[ABOUT THIS EXERCISE] From the line that includes "Foto: Plazuela de" down to the final line of the data below, copy every line exactly and leave the rest out.
─── RAW DATA
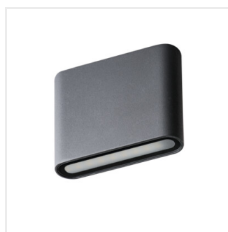
GARTO LED EL 8W-GR
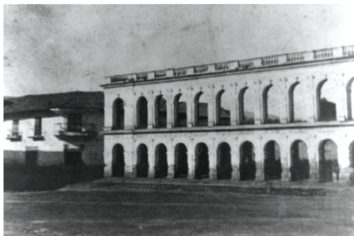
Foto: Plazuela de las Carnicerías. Foto de 1865.

La foto muestra en 1865 a la Plazuela de las Carnicerías, resalta la fachada de las carnicerías, sitio donde sería construido el Teatro Sucre 7 en 1886 y desde cuando pasaría a llamarse Plaza del Teatro.
──────
[FINISHED TASK]
Foto: Plazuela de las Carnicerías. Foto de 1865.

La foto muestra en 1865 a la Plazuela de las Carnicerías, resalta la fachada de las carnicerías, sitio donde sería construido el Teatro Sucre 7 en 1886 y desde cuando pasaría a llamarse Plaza del Teatro.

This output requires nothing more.